Curran then went on to receive his M.D. from the University of Michigan Medical School in 1970. Initially drawn to clinical practice, he began a residency program in obstetrics and gynecology and focused on family planning. However, his interests shifted towards public health during the Vietnam War. Faced with the prospect of military service, he opted to fulfill his service obligation through the U.S. Public Health Service.

== Time at Centers for Disease Control and Prevention (CDC) ==
From 1981 Curran led the task force on HIV/AIDS at the Centers for Disease Control and Prevention (CDC) and subsequently led the HIV/AIDS Division. While at the CDC, he attained the rank of the assistant surgeon general.
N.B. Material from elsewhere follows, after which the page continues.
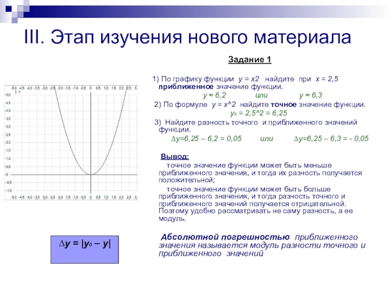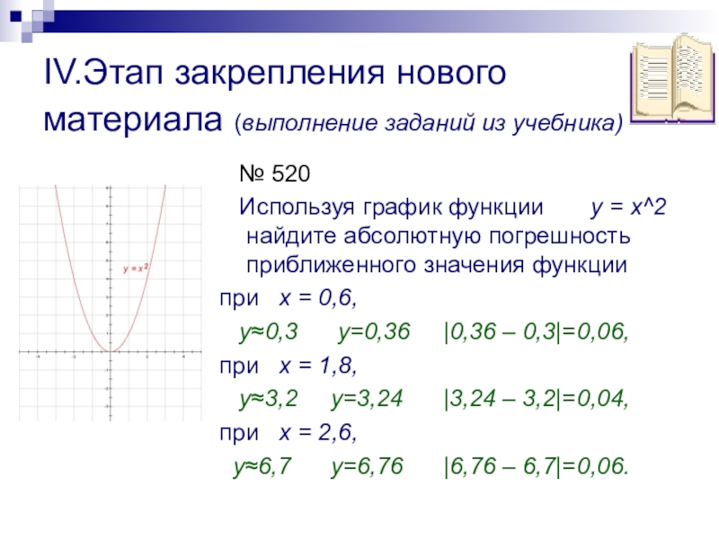 Используя график функции y = x^2 найдите абсолютную погрешность приближенного значения функции

He is featured in And the Band Played On, a non-fiction book by San Francisco Chronicle journalist Randy Shilts, which chronicles the discovery and spread of HIV/AIDS. Curran was a pioneer in the field in that he was one of the first scientists to recognize the infectious nature of HIV/AIDS, and he is recognized for fighting the stigmatization of people who are infected with HIV/AIDS. In the film version of And the Band Played On he was portrayed by Saul Rubinek.

Curran was interviewed by Barry Petersen in an early CBS News report on "gay cancer" on June 12, 1982, with Bobbi Campbell, Larry Kramer and Marcus Conant.

== Achievements ==
Curran is a fellow member of the American Epidemiologic Society, the American College of Preventive Medicine, and the Infectious Diseases Society of America. He is author or co-author of more than 260 scholarly publications, including reports from two recent IOM committees that he chaired or co-chaired on the global AIDS scale up and has served as Chair of the national Center for AIDS Research (CFAR), the Office of AIDS Research (OAR) Council, and the National Academy of Sciences Institute of Medicine's Board of Population Health and Public Health Practice. He was elected to the Institute of Medicine of the National Academy of Sciences in 1993, and he was given the Surgeon General's Medal of Excellence in 1996 and the John Snow Award from the American Public Health Association in 2003.